*** Begin section ***

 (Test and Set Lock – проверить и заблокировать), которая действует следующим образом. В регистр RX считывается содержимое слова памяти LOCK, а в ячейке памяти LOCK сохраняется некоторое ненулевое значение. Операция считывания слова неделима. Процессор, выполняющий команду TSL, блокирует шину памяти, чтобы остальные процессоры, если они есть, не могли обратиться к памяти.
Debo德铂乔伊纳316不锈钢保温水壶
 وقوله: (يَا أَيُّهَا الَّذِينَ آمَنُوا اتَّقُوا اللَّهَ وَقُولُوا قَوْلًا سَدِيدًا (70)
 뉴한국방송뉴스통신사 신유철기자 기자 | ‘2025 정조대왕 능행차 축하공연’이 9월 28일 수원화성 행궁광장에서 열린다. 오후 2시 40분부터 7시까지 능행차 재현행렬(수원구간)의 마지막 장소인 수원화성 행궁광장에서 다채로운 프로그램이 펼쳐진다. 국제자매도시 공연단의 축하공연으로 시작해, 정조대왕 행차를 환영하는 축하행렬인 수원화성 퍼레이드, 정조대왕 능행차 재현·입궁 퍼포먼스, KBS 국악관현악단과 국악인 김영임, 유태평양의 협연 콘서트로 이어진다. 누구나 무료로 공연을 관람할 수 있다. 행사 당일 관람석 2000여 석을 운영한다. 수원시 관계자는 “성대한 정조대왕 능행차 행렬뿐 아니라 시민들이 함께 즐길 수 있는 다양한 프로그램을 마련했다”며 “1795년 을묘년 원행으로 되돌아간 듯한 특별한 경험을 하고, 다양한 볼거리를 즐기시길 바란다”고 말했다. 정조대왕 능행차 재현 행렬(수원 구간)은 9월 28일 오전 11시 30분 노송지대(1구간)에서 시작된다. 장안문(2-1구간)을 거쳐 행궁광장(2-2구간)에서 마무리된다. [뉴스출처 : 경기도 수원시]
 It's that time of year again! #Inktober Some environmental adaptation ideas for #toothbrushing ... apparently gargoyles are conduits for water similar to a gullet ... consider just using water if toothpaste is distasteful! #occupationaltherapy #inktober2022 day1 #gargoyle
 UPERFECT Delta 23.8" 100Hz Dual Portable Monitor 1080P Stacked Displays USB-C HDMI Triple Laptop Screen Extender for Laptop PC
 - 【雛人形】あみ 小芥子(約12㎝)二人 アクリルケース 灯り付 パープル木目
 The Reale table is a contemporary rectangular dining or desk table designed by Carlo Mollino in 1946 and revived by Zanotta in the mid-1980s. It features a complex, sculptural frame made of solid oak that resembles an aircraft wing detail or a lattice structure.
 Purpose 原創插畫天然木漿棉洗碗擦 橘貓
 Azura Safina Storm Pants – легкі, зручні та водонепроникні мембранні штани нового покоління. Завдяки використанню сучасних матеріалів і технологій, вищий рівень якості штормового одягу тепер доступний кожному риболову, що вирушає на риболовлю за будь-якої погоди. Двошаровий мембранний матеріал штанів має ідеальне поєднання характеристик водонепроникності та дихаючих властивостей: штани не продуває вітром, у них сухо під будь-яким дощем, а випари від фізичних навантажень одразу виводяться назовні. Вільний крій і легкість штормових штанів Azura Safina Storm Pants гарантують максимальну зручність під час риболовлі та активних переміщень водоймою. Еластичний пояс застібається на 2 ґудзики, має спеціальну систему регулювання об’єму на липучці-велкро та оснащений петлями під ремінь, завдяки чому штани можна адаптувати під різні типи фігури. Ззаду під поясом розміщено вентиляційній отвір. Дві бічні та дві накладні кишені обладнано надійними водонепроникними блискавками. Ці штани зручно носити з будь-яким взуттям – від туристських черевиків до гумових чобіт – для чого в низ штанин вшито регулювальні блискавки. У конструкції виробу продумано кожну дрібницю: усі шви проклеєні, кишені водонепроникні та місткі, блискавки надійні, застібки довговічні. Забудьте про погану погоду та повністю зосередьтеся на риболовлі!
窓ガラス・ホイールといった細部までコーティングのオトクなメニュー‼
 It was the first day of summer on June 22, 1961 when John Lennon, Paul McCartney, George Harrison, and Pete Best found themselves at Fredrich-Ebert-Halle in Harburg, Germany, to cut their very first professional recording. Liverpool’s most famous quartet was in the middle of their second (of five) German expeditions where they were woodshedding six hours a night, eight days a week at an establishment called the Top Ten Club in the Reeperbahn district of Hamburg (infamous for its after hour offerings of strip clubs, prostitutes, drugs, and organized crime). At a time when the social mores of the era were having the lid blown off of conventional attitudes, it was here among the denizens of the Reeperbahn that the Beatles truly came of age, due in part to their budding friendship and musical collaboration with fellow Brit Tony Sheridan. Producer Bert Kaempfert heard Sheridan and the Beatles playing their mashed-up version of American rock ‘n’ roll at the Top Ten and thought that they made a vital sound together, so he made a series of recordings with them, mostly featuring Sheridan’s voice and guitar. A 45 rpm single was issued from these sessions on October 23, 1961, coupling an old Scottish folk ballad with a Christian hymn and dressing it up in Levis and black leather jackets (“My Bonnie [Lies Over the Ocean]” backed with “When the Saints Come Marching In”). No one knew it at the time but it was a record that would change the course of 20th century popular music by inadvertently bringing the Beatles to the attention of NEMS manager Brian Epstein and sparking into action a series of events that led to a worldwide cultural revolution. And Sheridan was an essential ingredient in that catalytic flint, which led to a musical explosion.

*** End section ***

Problem to solve: Please make an exact copy of the lines above from the line with "وقوله: (يَا أَيُّهَا" through the line with "The Reale table", both ends included.

Solution for this exercise:
 وقوله: (يَا أَيُّهَا الَّذِينَ آمَنُوا اتَّقُوا اللَّهَ وَقُولُوا قَوْلًا سَدِيدًا (70)
 뉴한국방송뉴스통신사 신유철기자 기자 | ‘2025 정조대왕 능행차 축하공연’이 9월 28일 수원화성 행궁광장에서 열린다. 오후 2시 40분부터 7시까지 능행차 재현행렬(수원구간)의 마지막 장소인 수원화성 행궁광장에서 다채로운 프로그램이 펼쳐진다. 국제자매도시 공연단의 축하공연으로 시작해, 정조대왕 행차를 환영하는 축하행렬인 수원화성 퍼레이드, 정조대왕 능행차 재현·입궁 퍼포먼스, KBS 국악관현악단과 국악인 김영임, 유태평양의 협연 콘서트로 이어진다. 누구나 무료로 공연을 관람할 수 있다. 행사 당일 관람석 2000여 석을 운영한다. 수원시 관계자는 “성대한 정조대왕 능행차 행렬뿐 아니라 시민들이 함께 즐길 수 있는 다양한 프로그램을 마련했다”며 “1795년 을묘년 원행으로 되돌아간 듯한 특별한 경험을 하고, 다양한 볼거리를 즐기시길 바란다”고 말했다. 정조대왕 능행차 재현 행렬(수원 구간)은 9월 28일 오전 11시 30분 노송지대(1구간)에서 시작된다. 장안문(2-1구간)을 거쳐 행궁광장(2-2구간)에서 마무리된다. [뉴스출처 : 경기도 수원시]
 It's that time of year again! #Inktober Some environmental adaptation ideas for #toothbrushing ... apparently gargoyles are conduits for water similar to a gullet ... consider just using water if toothpaste is distasteful! #occupationaltherapy #inktober2022 day1 #gargoyle
 UPERFECT Delta 23.8" 100Hz Dual Portable Monitor 1080P Stacked Displays USB-C HDMI Triple Laptop Screen Extender for Laptop PC
 - 【雛人形】あみ 小芥子(約12㎝)二人 アクリルケース 灯り付 パープル木目
 The Reale table is a contemporary rectangular dining or desk table designed by Carlo Mollino in 1946 and revived by Zanotta in the mid-1980s. It features a complex, sculptural frame made of solid oak that resembles an aircraft wing detail or a lattice structure.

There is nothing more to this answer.